Die fundamentale Nachfrage stützt dieses Bild. Hyperscaler wollen 2026 rund 700 Milliarden Dollar in Investitionen stecken, ein erheblicher Teil davon dürfte in Nvidias Blackwell-Architektur und Netzwerktechnik fließen. Der SK-Hynix-Börsengang zeigt zudem: Die Lieferkette baut aggressiv Kapazitäten auf, um mit Nvidias Bedarf Schritt zu halten.
Das durchschnittliche Analysten-Kursziel liegt bei 264,16 Euro. Die Aktie notiert derzeit 12,02 Prozent über ihrem 200-Tage-Durchschnitt von 164,78 Euro — ein Zeichen für einen intakten langfristigen Trend. Erreicht Nvidia die eigene Umsatzprognose von rund 91 Milliarden Dollar für das zweite Quartal, könnte sich die Bewertungslücke schnell schließen.
Bear-Szenario: Reibung in der Lieferkette und „KI-Müdigkeit“
Analysten von Jefferies berichten von möglichen Verzögerungen bei der Kyber-Backplane-Platine, einem Schlüsselbauteil für die nächste Systemgeneration. Statt 2027 könnte die Fertigung erst 2028 anlaufen. Eine solche Verschiebung würde margenstarke Infrastrukturprojekte später in die Bücher bringen, als der Markt erwartet.
Hinzu kommen technische Sorgen bei den RTX-50-Consumer-GPUs. Berichten zufolge zeigen Temperatursensoren Hotspots von bis zu 107 Grad Celsius, was die Chips zur Drosselung der Leistung zwingt.

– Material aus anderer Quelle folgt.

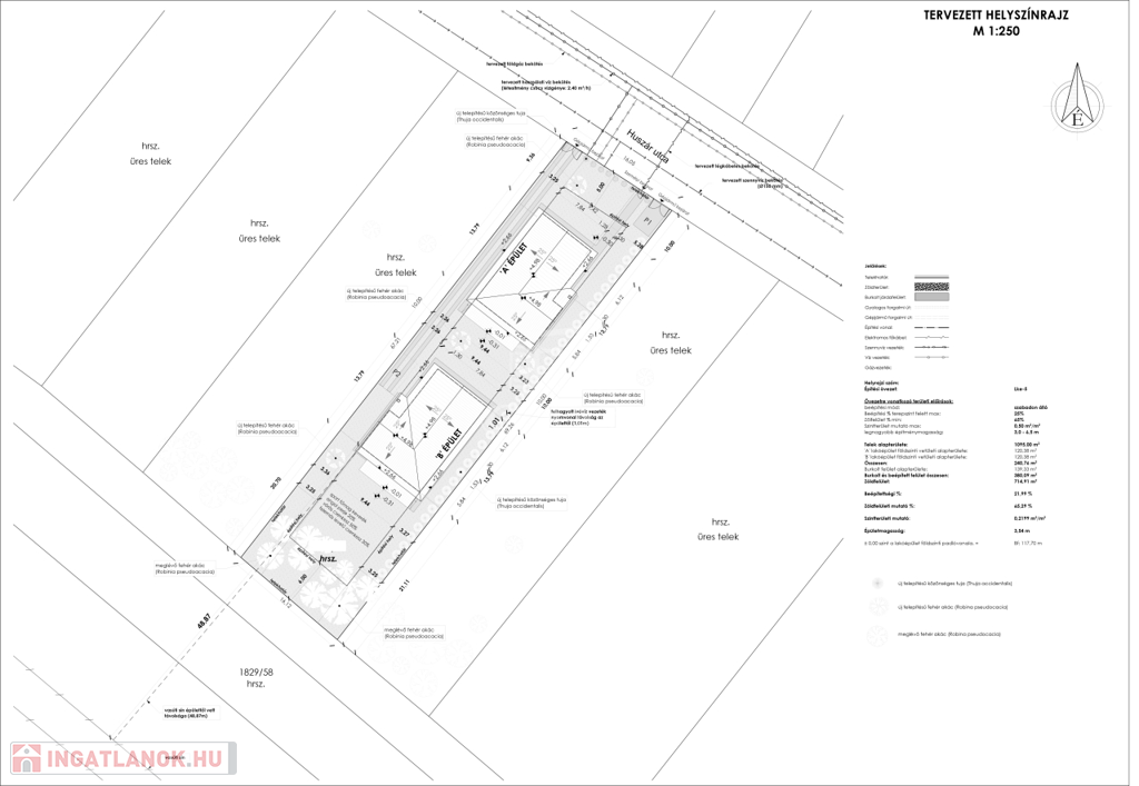 Vácon, a csendes és jól megközelíthető Huszár utcában kínálunk eladásra egy 1094 m²-es telken épülő két darab új, kulcsrakész családi házat, egyenként 94,02 m² nettó hasznos lakótérrel és 14,3 m²-es terasszal.
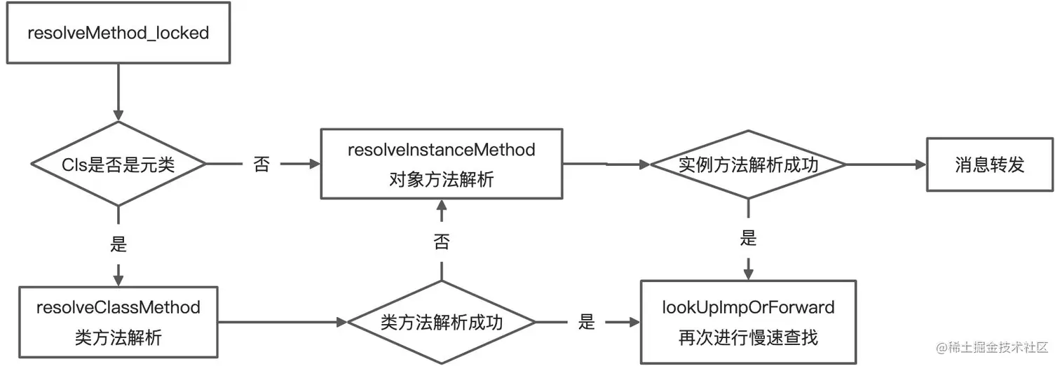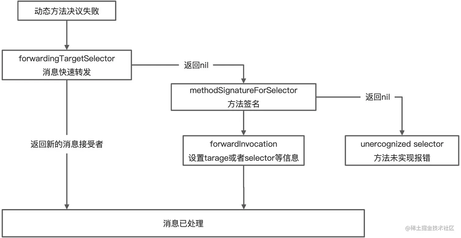 动态方法决议:慢速查找流程未找到时,会执行一次动态方法决议,动态方法决议之后会重新在进行一次慢速查找流程。消息转发:如果动态方法决议仍然没找到实现,则进行消息转发,消息转发又分为快速转发流程和慢速转发流程。

Jenseits der Technik zeigt der breitere Markt Ermüdungserscheinungen beim KI-Thema. Manche institutionelle Investoren schichten Kapital in Value-Sektoren um. Geopolitische Risiken kommen dazu: verschärfte US-Exportkontrollen gegenüber China und Spannungen im Nahen Osten belasten die gesamte Halbleiterbranche. Treffen diese Makrofaktoren auf eine Abkühlung bei den Investitionen der Hyperscaler, könnte Nvidias Marktkapitalisierung von aktuell 4.327,82 Milliarden Euro unter Druck geraten. Ein Rückfall zum 50-Tage-Durchschnitt bei 181,22 Euro wäre dann ein realistisches Szenario.
Ausblick: Der August-Termin im Blick
Solange die Blackwell-Fertigung im Zeitplan bleibt und die Kyber-Gerüchte unbestätigt sind, spricht das technische Bild für einen erneuten Test des 52-Wochen-Hochs bei 202,50 Euro. Der RSI von 58,6 signalisiert: Die Aktie ist noch nicht überkauft, Luft nach oben bleibt.
Anders sieht es aus, wenn die Tech-Volatilität anhält oder die US-Arbeitsmarktdaten im September die Zinserwartungen kippen. Dann wird eine Konsolidierungsphase wahrscheinlicher.
Der nächste konkrete Prüfstein ist der Quartalsbericht am 26. August 2026. Bis dahin bleibt die Marke von 181,22 Euro, der 50-Tage-Durchschnitt, die Linie im Sand. Rutscht die Aktie darunter, dürfte das kurzfristige Momentum kippen. Ein Anlauf Richtung Kursziel von 264,16 Euro setzt dagegen voraus, dass sich die prognostizierten 203 Milliarden Dollar Rechenzentrumsumsatz für die zweite Jahreshälfte tatsächlich bestätigen.